Showing posts with label book burning. Show all posts
Showing posts with label book burning. Show all posts

Friday, July 28, 2023



Sweden's SVT Nyheter reports:

Police have granted a public gathering outside the Israeli embassy in Stockholm on Friday. The woman behind the application states that she plans to "light the Torah with a lighter".

The demonstration is scheduled for 12 noon on Friday.

"We are conducting a dialogue with the organizer and other parties who may be affected, for example the Israeli embassy,"​​says Mats Eriksson, press spokesperson at the police.

The application is submitted by a woman in her 50s who states that it is a "manifestation for children's rights in Sweden which are systematically violated". She writes that the plan is to "light the Torah with a lighter".

 What, exactly, does burning a Torah (more likely a printed Chumash) have to do with children's rights? 

There are only two answers - both of which are profoundly antisemitic.

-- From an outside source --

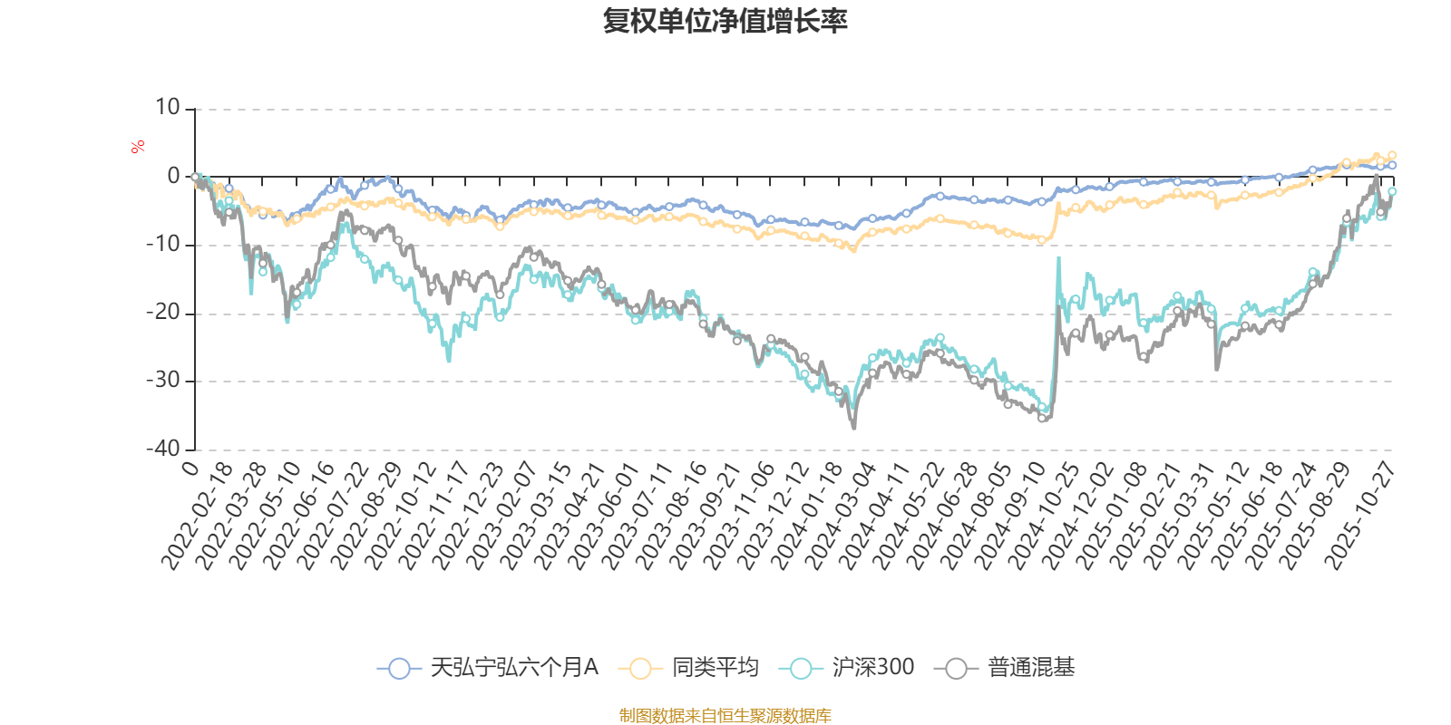 截至10月27日,天弘宁弘六个月A近三个月复权单位净值增长率为0.67%,位于同类可比基金552/629;近半年复权单位净值增长率为2.52%,位于同类可比基金542/629;近一年复权单位净值增长率为3.65%,位于同类可比基金537/623;近三年复权单位净值增长率为7.56%,位于同类可比基金412/557。

One is that they have nothing to do with each other, but the woman wants publicity, and she knows that attacking Jewish holy objects will get her the publicity she wants. Which means that every crank in Sweden will now seek to burn sacred Jewish objects to get their cause in the newspapers, and antisemitism has become a gimmick. 

The other is that somehow she is associating Judaism with violating children's rights. Which is not so far fetched - "progressives" in Europe and the US always associate Israel with every social justice crime they can think of.

And as this incident shows, the modern antisemites don't distinguish between Judaism and Israel, as much as they claim to. Otherwise, why is she intending to do her stunt outside the Israeli embassy?

Either way, antisemitism is becoming cheapened and commoditized, which means that people are becoming less and less outraged at attacks on Jews and Judaism as more of these stunts get approved. 

I support freedom of speech. Technically, what she wants to do is legal. Nazis in 1933 could also justify their book burnings as freedom of their own expression - yet everyone knows what it really meant.

History shows that book burners are the people who care the least about freedom of expression.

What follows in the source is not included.